Hospital LOS for the presence or absence of morbidity by individual POMS domain type on postoperative day 3. Data is reported as median with interquartile range.

Figure 3

Hospital LOS for the presence or absence of morbidity by individual POMS domain type on postoperative day 5. Data is reported as median with interquartile range.

The presence of any morbidity on postoperative day 5 conferred an OR of 11.9 (95% CI: 5.02 to 28.31) for a prolonged hospital LOS, defined as greater than the 3rd interquartile for the cohort, but no predictive ability was conferred to the same analysis on day 3 (OR: 3.64; 95% CI: 0.83 to 15.92). ROC analysis by domain and day for LOS is shown in Table 6, with significant differences seen in the AUC on days 3 and 5 for the cardiovascular and gastrointestinal domains.

Table 6 ROC analysis by POMS domain and postoperative day measured for LOS

POMS defined morbidity was absent in 9.7% of patients on day 3 and 41.2% of patients on day 5 despite them still receiving inpatient care.


This study shows that the POMS is both a reliable and valid measure of short-term postoperative morbidity in patients undergoing major abdominal surgery. The main strength of this paper is that it studies a homogenous group of subjects all of whom underwent major abdominal surgery, and hence could reliably be expected to have a similar pattern of postoperative morbidity. The study also examined the reliability of the survey when administered by novice researchers unfamiliar with the POMS, allowing an assessment of its potential use as an outcome measure in both research and clinical practice, where it would be required to be administered by a spectrum of health professionals of varying experience.

Overall the inter-rater reliability of POMS-defined morbidity showed high percentage agreement, and near perfect correlation. Reliability within POMS domains showed varying results, with the lowest percentage agreement seen in the gastrointestinal domain, however the κ correlation coefficient still showed a substantial agreement. A similar result was also shown in the only other validation of the POMS [9], in which the gastrointestinal domain showed the weakest correlation between observers, suggesting that the criteria may need refining to give it greater clinical utility. In the study by Grocott et al. [9] the majority of the items within the POMS domains showed a perfect correlation, however this was not the case in the present study. The reason for the decreased correlation may be due to experienced research nurses having administered the survey in the previous work, whilst we chose specifically to assess the reliability of the POMS when it was administered by novices to its use. Despite this, POMS, as it currently stands, could be used as an outcome measure without specific training in its use.

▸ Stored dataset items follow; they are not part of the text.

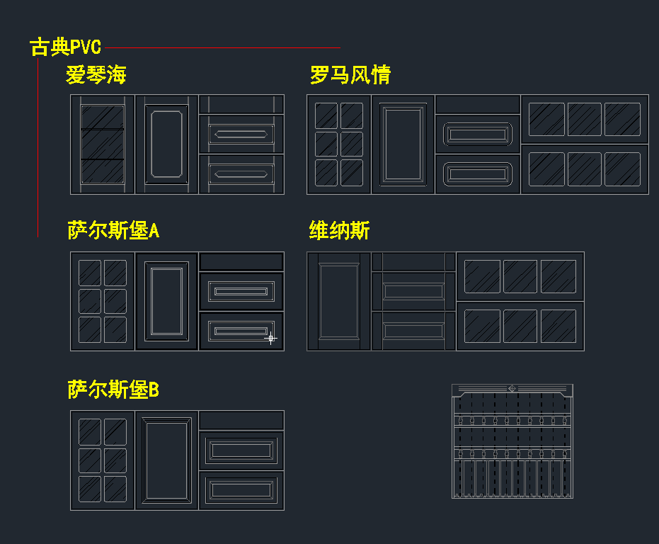 当前的位置:首页 > 室内CAD图纸 > cad > CAD图库 > 橱柜衣柜 > 橱柜门型cad图纸,图库CAD建筑图纸下载
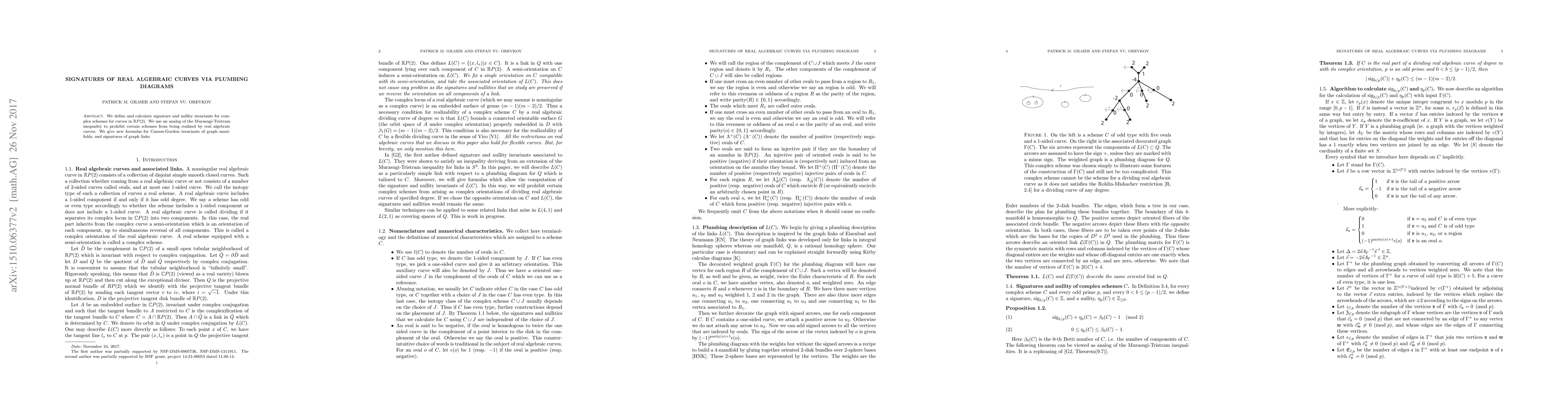 The paper defines signature and nullity invariants for complex schemes of real algebraic curves in the projective plane using plumbing diagrams, and establishes an analog of the Murasugi-Tristram inequality to prohibit certain schemes from being realized by real algebraic curves.
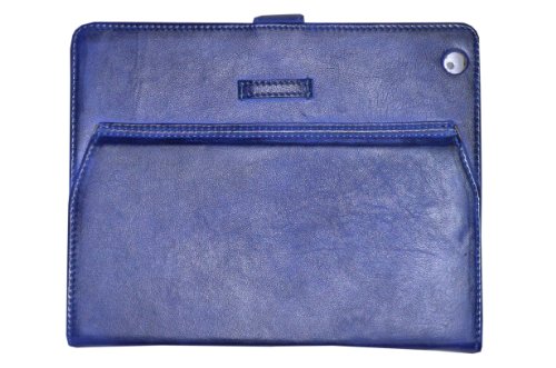 Smart Range - Custodia pregiata a portafoglio, in vera pelle di agnello lavata, per Apple iPad 2 3 4, blu

There are a number of apparent discrepancies in the reliability of individual domains as only fair correlation was seen in the hematological domain, and no correlation was seen in the wound domain despite good percentage agreement between observers. The use of the κ coefficient in this setting unfairly describes the reliability of the POMS as κ is affected by the prevalence of the findings it is describing. When the reported prevalence is low, as was the case in the hematological and wound domains, then κ may not be a reliable measure of correlation as illustrated by the high agreement but poor correlation [10].

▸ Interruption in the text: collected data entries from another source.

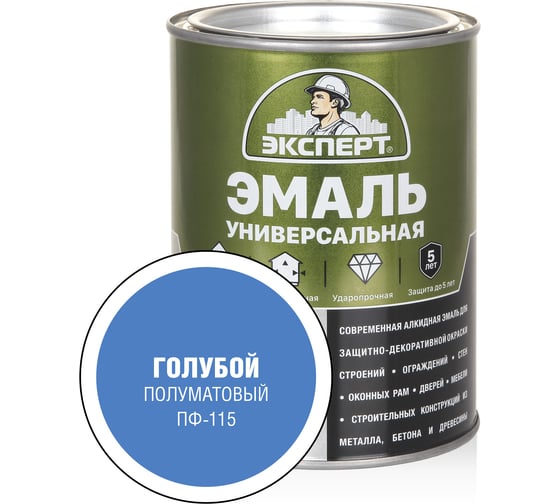 Все характеристикиЭмаль универсальная алкидная полуматовая ЭКСПЕРТ голубая 0,8 кг 30486 - универсальная алкидная эмаль применяется для защитно-декоративного окрашивания металлических, кирпичных, деревянных, бетонных и других минеральных поверхностей. Используют для обработки дверей, рам, перил, наличников, плинтусов, оград, конструкций и механизмов. Средство служит для внутренних и наружных работ.
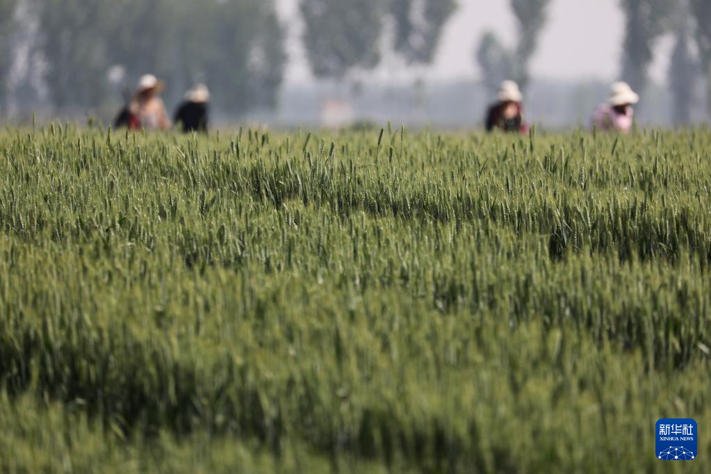 4月25日,河南省焦作市温县祥云镇古贤村农民在麦田里除杂。
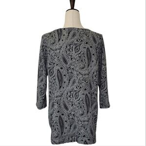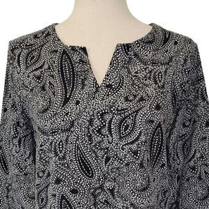 Craft & Barrow Navy Blue Paisley Split Neck 3/4 Sleeve Stretch Top Size L NWOT
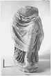 The figure wears a thin chiton with overhang and has an himation across the knees. She is seated, with the left foot advanced, upon a cushioned seat, which is hollowed out at the back beneath and rests on a low plinth.
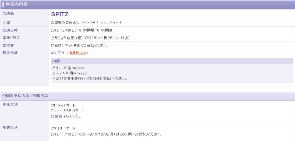 あせらずミスのないように進んだら無事に12月8日の武蔵の森チケット1枚をゲットできました
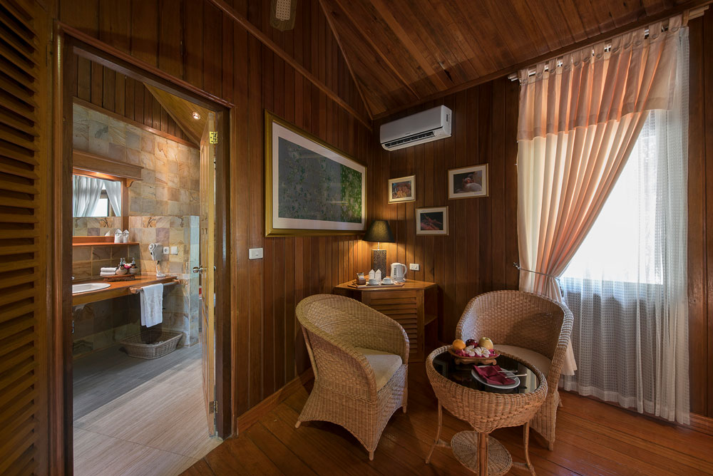 The resort features 30 beautifully crafted guest bungalows, designed in the local Minahasa style. Each bungalow includes a private bathroom, verandah, air conditioning, ceiling fan, minibar, satellite TV, and coffee and tea making facilities. The superior and deluxe bungalows offer versatile room configurations, with options including a king bed, twin beds, a king bed with an extra twin, or three twin beds, accommodating any guest combination. Extra beds and cots are available upon request and may incur additional charges.
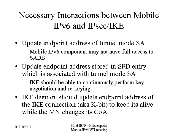 Necessary Interactions between Mobile IPv6 and IPsec/IKE Update endpoint address of tunnel mode SA Mobile IPv6 component may not have full access to SADB Update endpoint address stored in SPD entry which is associated with tunnel mode SA IKE should be able to continuously perform key negotiation and re-keying IKE daemon should update endpoint address of the IKE connection (aka K-bit) to keep its alive while the MN changes its CoA |
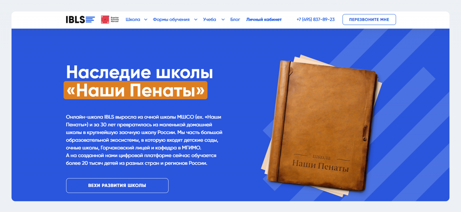 IBLS — онлайн-школа для детей. Клиент предлагает полноценное образование с первого по одиннадцатый класс на заочной или семейной форме обучения с возможностью выбрать индивидуальную программу. Также есть программа IBLS+ — онлайн-занятия в малых группах по отдельным предметам, которые могут дополнить обучение в обычной школе.
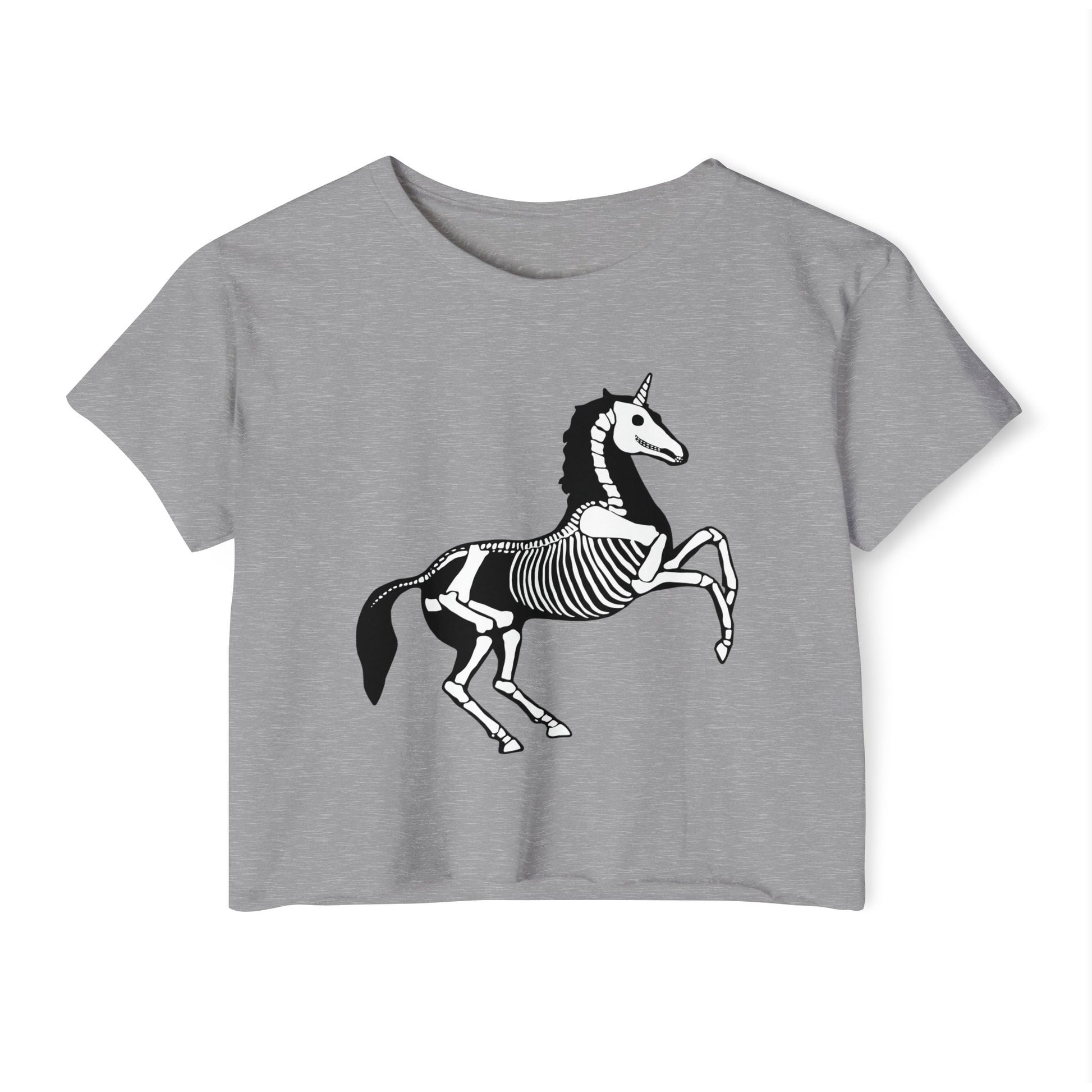 Unleash your inner dark unicorn with this Skeleton women's crop top. Perfect for Halloween, this cropped shirt has a spooky yet whimsical vibe that will make you stand out at any festival or party. Ideal for women who enjoy unique and edgy fashion, this crop top is a must-have for Halloween festivities.

As the POMS cannot be used as a scale due to its low internal consistency [9], the presence of any morbidity recorded by the POMS must be associated with an increased hospital LOS in order for it to be valid. The presence of morbidity registered by the POMS at both postoperative days 3 and 5 was associated with a longer hospital LOS, and morbidity at day 5 was associated with an eightfold increase in patients having a prolonged hospital LOS (greater than the 3rd interquartile for the cohort). These observations support the predictive ability of the POMS, but also suggest additional utility for the survey in the context of resource utilization due to its ability to predict those who will remain in hospital for longer.

Grocott et al. found that on postoperative day 5 the presence of morbidity within 5 of the 9 domains was associated with a longer hospital LOS; however, we observed this in an additional 3 domains. This may reflect the significant differences in the two populations studied, with the previous cohort consisting of almost two thirds orthopedic patients undergoing peripheral surgery, whilst this study contained a more homogenous cohort all of whom underwent major abdominal surgery. In addition, it also appears that a number of domains are associated with a longer hospital LOS when the POMS is administered earlier at postoperative day 3, allowing a more prompt assessment of significant morbidity that affects hospital LOS and strengthening its validity as an outcome measure.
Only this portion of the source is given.